## Instructions for the task
Using the data below, reproduce exactly the lines from the line with "Das sommerliche Frontmotiv" to the line with "进入步行街中,热闹的气氛就铺", both included; pictures must be dropped.

## Data for review

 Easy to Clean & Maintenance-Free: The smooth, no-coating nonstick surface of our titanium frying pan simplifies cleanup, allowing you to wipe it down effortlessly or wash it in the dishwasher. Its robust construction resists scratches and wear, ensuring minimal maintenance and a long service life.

--

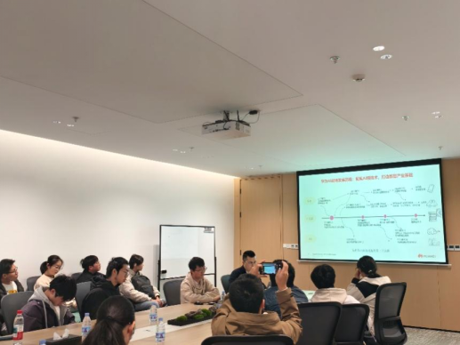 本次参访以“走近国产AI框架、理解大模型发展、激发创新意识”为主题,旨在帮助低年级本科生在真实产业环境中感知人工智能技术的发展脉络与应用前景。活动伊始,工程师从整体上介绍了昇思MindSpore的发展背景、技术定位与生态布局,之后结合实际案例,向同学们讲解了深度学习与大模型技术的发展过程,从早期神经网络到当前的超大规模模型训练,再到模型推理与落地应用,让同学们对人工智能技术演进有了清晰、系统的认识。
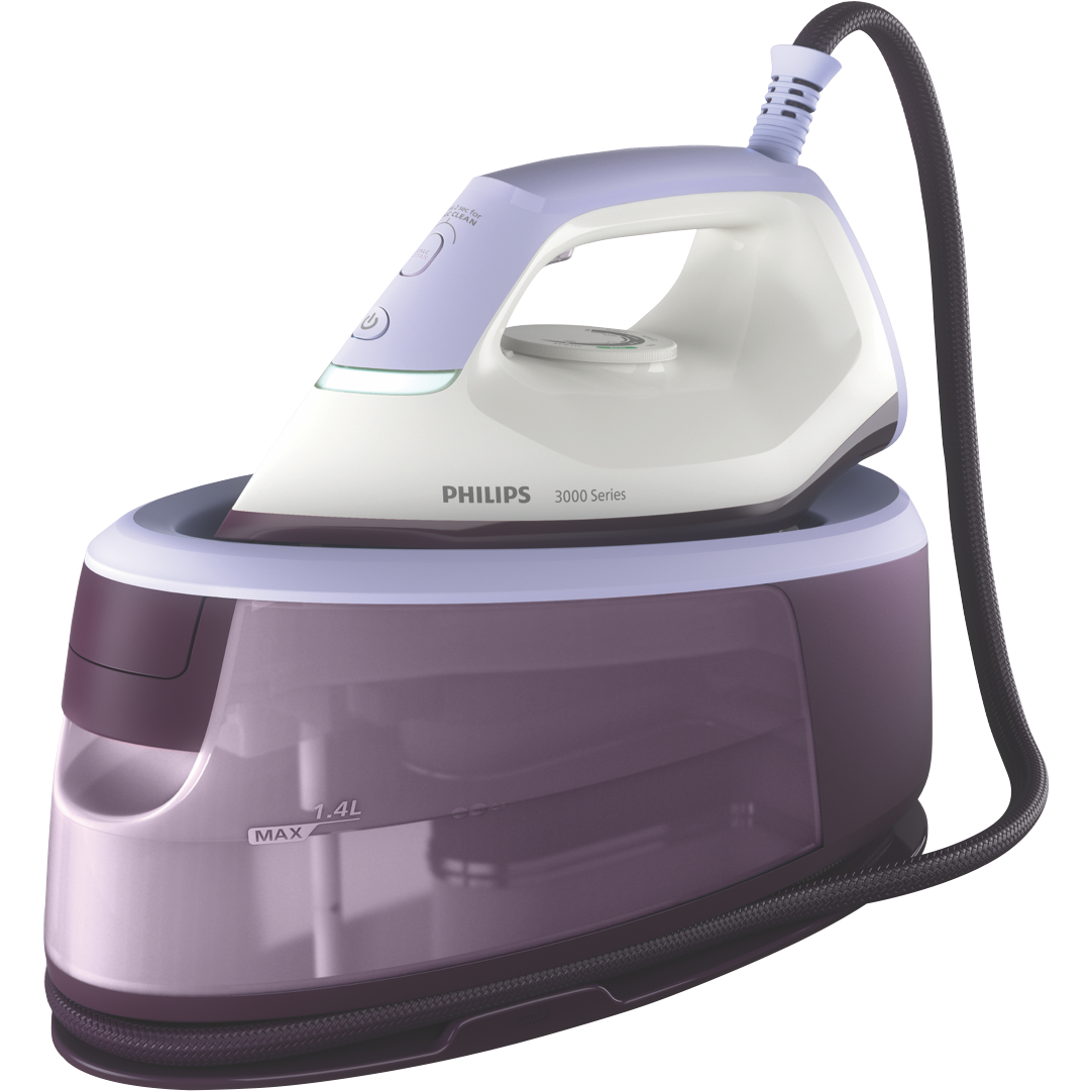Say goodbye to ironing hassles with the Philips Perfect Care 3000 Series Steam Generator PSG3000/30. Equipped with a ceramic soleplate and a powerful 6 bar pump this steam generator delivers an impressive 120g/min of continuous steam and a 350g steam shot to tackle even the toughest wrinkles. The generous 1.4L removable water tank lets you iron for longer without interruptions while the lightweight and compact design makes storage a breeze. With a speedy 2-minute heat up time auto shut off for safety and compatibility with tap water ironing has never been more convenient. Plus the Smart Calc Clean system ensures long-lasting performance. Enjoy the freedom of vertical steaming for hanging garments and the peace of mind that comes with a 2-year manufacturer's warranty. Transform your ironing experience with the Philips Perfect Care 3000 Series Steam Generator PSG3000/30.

* * *

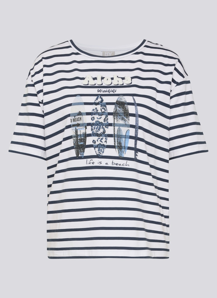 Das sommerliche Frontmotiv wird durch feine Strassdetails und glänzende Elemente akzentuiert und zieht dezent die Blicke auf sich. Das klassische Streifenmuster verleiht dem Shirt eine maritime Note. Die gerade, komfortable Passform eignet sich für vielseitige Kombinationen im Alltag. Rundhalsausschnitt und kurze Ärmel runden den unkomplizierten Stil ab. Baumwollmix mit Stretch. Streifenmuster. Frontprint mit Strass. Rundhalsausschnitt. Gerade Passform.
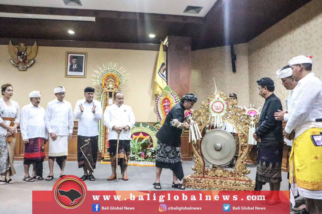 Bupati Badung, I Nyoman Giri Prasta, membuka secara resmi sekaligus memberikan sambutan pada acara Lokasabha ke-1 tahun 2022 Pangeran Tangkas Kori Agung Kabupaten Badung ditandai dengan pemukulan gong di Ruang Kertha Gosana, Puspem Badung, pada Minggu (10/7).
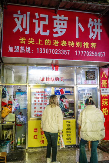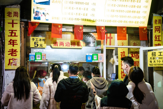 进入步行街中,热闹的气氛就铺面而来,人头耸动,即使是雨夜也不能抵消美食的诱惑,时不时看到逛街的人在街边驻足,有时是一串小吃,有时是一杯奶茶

## Output
 Das sommerliche Frontmotiv wird durch feine Strassdetails und glänzende Elemente akzentuiert und zieht dezent die Blicke auf sich. Das klassische Streifenmuster verleiht dem Shirt eine maritime Note. Die gerade, komfortable Passform eignet sich für vielseitige Kombinationen im Alltag. Rundhalsausschnitt und kurze Ärmel runden den unkomplizierten Stil ab. Baumwollmix mit Stretch. Streifenmuster. Frontprint mit Strass. Rundhalsausschnitt. Gerade Passform.
 Bupati Badung, I Nyoman Giri Prasta, membuka secara resmi sekaligus memberikan sambutan pada acara Lokasabha ke-1 tahun 2022 Pangeran Tangkas Kori Agung Kabupaten Badung ditandai dengan pemukulan gong di Ruang Kertha Gosana, Puspem Badung, pada Minggu (10/7).
 进入步行街中,热闹的气氛就铺面而来,人头耸动,即使是雨夜也不能抵消美食的诱惑,时不时看到逛街的人在街边驻足,有时是一串小吃,有时是一杯奶茶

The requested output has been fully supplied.